Even scarier and sadder to me than the non-queer people who have a problem with gay sex are the queer people who are up in arms about my tweet. I’ve encountered folks like them before and in some ways, I understand their trepidation and their fear. The general idea is that if we don’t “behave” ourselves ― especially if people like Michael (who represent us in a world where queers are all too often invisible, ignored and/or vilified) don’t ― and quietly assimilate into mainstream society, we won’t be able to keep the rights that we have (and gain more). And so, instead of speaking frankly and honestly about sex ― that tireless boogeyman that has mesmerized and terrorized our society for centuries ― we should just shut up, get married, have kids and stop causing trouble.
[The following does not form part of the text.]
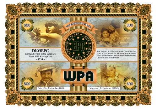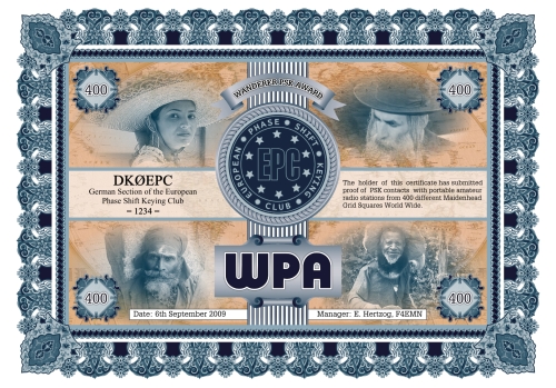 Das WPA 100, WPA 200, WPA 300, WPA 400, WPA 500 und WPA 600 Diplom kann von jedem lizensierten Funkamateur, jeder Klubstation und jedem SWL nach diesen Regeln beantragt werden, wenn nachgewiesen werden kann, dass portable- oder mobil-Stationen aus 100, 200, 300, 400, 500 oder 600 unterschiedlichen Locatorfeldern in den PSK-Modi (B(Q)PSK31, B(Q)PSK63 oder B(Q)PSK125) gearbeitet bzw. gehört wurden. Es zählen nur Verbindungen auf Kurzwelle (1,8 - 30 MHz). Dieselbe portable oder mobile Station ist gültig, wenn sie aus unterschiedlichen Locatorfeldern aktiv ist. Jede gearbeitete/ gehörte Station muss einen portable- oder mobil-Zusatz am Rufzeichen vorweisen, wie z.B. /p, /m, /1...0, usw.. Allgemein wird unter portable-Stationen eine Station außerhalb des Heimat-QTHs verstanden. Wenn es machbar ist, wird eine Liste von speziellen portable-Aktivitäten von Stationen ohne eindeutige Identifikation (wie z.B. MS0DGR, MS0EPC,..) veröffentlicht. Maritime mobile Stationen ( /mm) sind nicht gültig für diese Diplomserie. Alle Verbindungen müssen nach dem 10. Juni 2006 getätigt worden sein.

But we can’t do that. Our queer fore-parents worked too hard, and too many died, for us to walk away from the dream of sexual liberation for all of us. That means we must not buy into a broken system that is simultaneously obsessed with and panic-stricken by all things sex. It means we must not accept the sexual status quo that all-too-often results in fake piety in the streets and discreet sleaze in the sheets. It means we must not pretend that Michael never had or loved gay sex. Let’s not sanitize him just because it would make it easier for some of us to eulogize him or love him or play his music for our children or our grandparents.

Michael himself wouldn’t want that. He’d hate it. Consider what he told The Guardian in 2005:

“You only have to turn on the television to see the whole of British society being comforted by gay men who are so clearly gay and so obviously sexually unthreatening. Gay people in the media are doing what makes straight people comfortable, and automatically my response to that is to say I’m a dirty filthy fucker and if you can’t deal with it, you can’t deal with it.”
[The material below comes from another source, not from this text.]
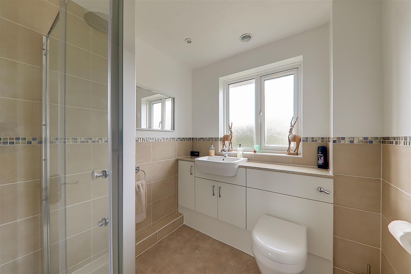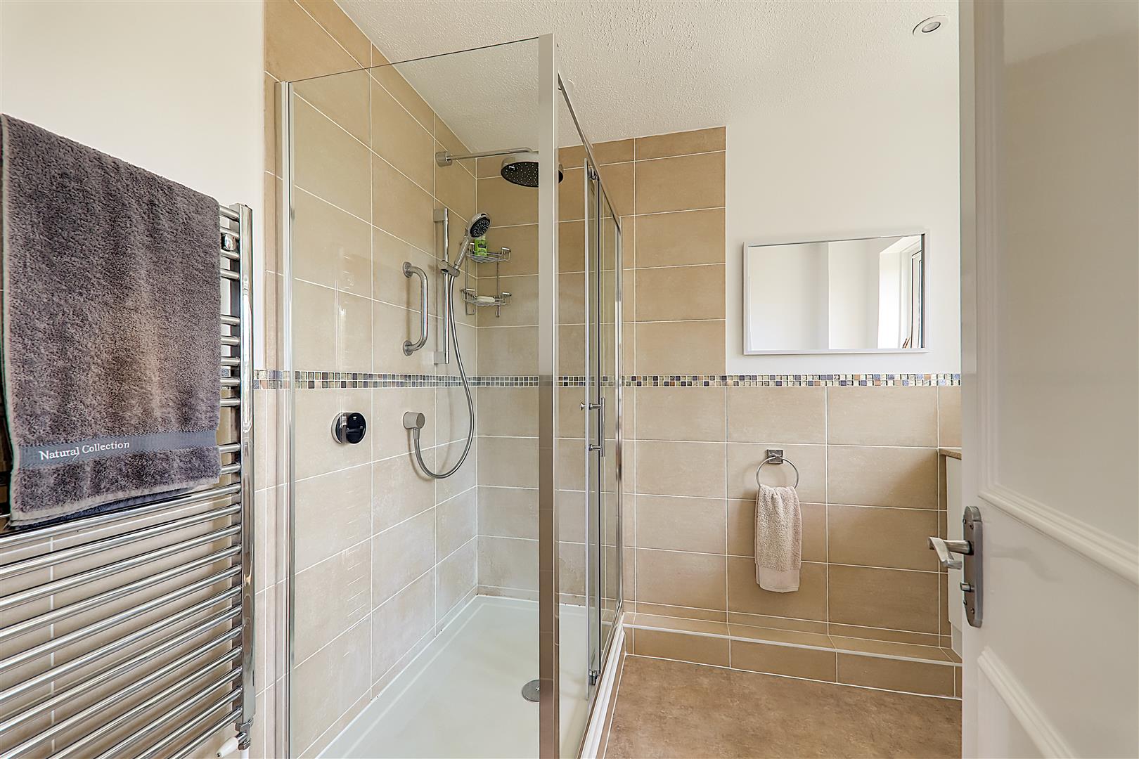 Step in double cubicle with independent shower unit, vanity surface with inset wash hand basin, cupboards under and concealed cistern Wc. Chrome towel radiator. Part tiled walls. Extractor fan. Double glazed obscure glass window. Inset spotlights. Vinyl flooring throughout.

And before anyone says that I’m claiming public restrooms should become bathhouses or that we should all be pumping our neighbors in the park, I’m not. While I constantly try to question, unpack and challenge why our society feels the way it does about sex and what it deems is OK and what isn’t, I understand that there are currently laws against these activities and I understand why they exist. I’m talking about pushing back against the shame and hysteria that accompanies any kind of discussion of a gay person’s sex life and striving to not view sex or sexuality ― queer or otherwise ― as bad things. 

I also want to briefly acknowledge Michael’s long struggle with substance abuse and how it may or may not have played into his sexual appetites and activities. Gay men, drugs and sex have an intimate and complicated history and I don’t want to ignore any of that. But I also refuse to write off his sex positivity or his candor about it as merely a result or symptom of his experiences with drugs.

So, yes, George Michael was an incredible singer and a beautiful songwriter but he was also a gay man who wasn’t ashamed of his sexuality and who loved sex. I want to honor all parts of his life ― the musical and the sexual, the triumphs and the setbacks ― and I refuse to shy away from any of it out of a misguided and incomplete attempt to pay “respect” to his life or his death. Ultimately, the best way I know how to honor him is to talk about who he really was, what he really did and how it changed my life ― and that means all of it, including his hunting for dick in the men’s room.

You’ll be sorely missed, George. Thanks for everything you did ― all of it ― and I hope the men in heaven are as hot as you were and that you’ve found yourself a nice fluffy cloud where you’re already getting into all of the best kinds of trouble.